Palau’s Economy Suffers from Record Deficit
Fiscal Year 2020 Sees Significant Deterioration
A deficit of 10.9 percent of GDP was recorded in Fiscal Year (FY) 2020, according to data released by the International Monetary Fund (IMF). This represents a significant deterioration in Palau’s fiscal position, reflecting the challenges posed by the COVID-19 pandemic.

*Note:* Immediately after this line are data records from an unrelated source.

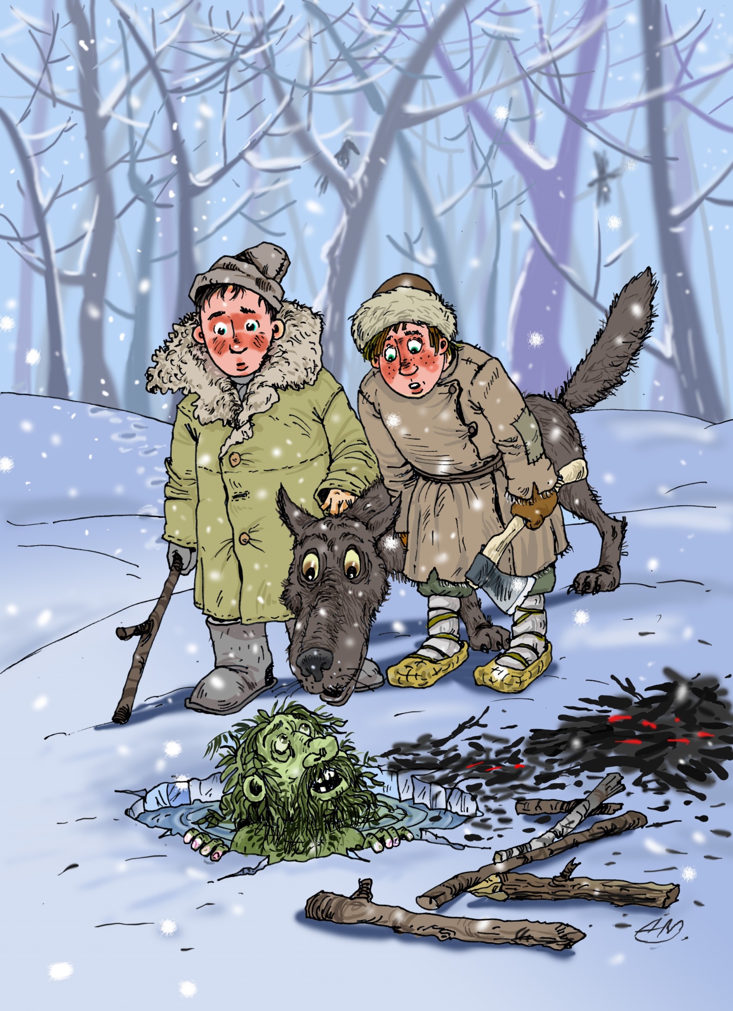 Едва волчище, высвободил хвост и отскочил от расширенной проруби, из неё высунулась любопытная голова водяного (зимой в подводном царстве скукота, и он был рад подвернувшемуся развлечению):
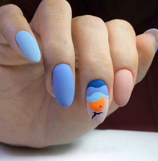 Capturing the serene moments of a beach sunset, these nails showcase a smooth blend of orange, blue, and white, with a silhouetted seagull completing the scene. It’s the essence of vacation ocean pink captured on your nails, reflecting the colors of a peaceful evening by the sea.
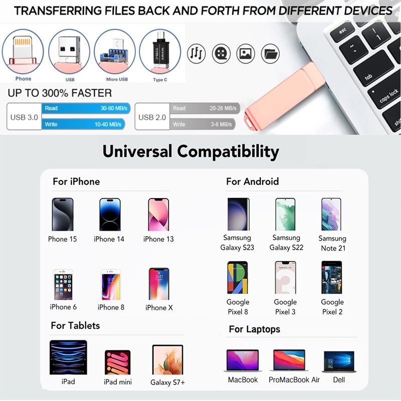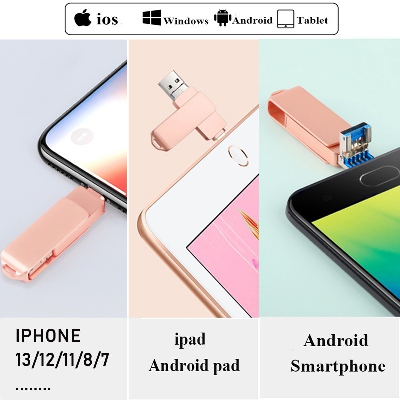 2TB Flashdisk Intended for iPhone, 1TB OTG Data Storage for Photos and Videos, 32GB 64GB USB External Memory Storage Flash Drive Compatible with iPhone Android iPad and Computers (Rose Gold)

Banking System Remains Sound
- Commercial banks enjoy ample liquidity
- Private sector credit growth has softened, declining by 4.8 percent in FY2020 compared to the previous year
- Ratio of non-performing loans to total loans increased from 0.7 percent before the crisis to 1.7 percent in 2021Q1
External Position Weaker than Expected
- Current account (CA) gap estimated at around -19.7 percent of GDP in FY2020
- Sharp decline in tourist arrivals and exports, as well as increased imports, contributed to the CA deficit
- Expected to narrow in the medium term as tourism activities resume, but will likely remain elevated
Government Response
- Implemented various policy measures to address economic fallout from the pandemic, including:
- Public health measures
- Unemployment benefits
- Temporary jobs programs
- Concessional financing from the Asian Development Bank (AsDB) helped finance non-crisis related spending as part of public sector reform programs
Challenging Recovery Path Ahead
- Real GDP estimated to have contracted by 17.1 percent in FY2021, and is expected to rebound slowly over the medium term
- Tourism arrivals expected to take time to recover, with output remaining on a lower trajectory until FY2024
- Inflation expected to pick up in the short term due to elevated international commodity prices, but projected to subside over the medium term
Uncertainty Remains High
- Main risk to the economy’s recovery is a protracted COVID-19 pandemic or domestic outbreak
- Large foreign assets and access to long-term concessional loans and grants reduce the risk of external financing distress
Conclusion
Palau’s economy faces a difficult and uncertain recovery path, requiring continued policy support and structural reforms to address imbalances in the public pension system and public utility company.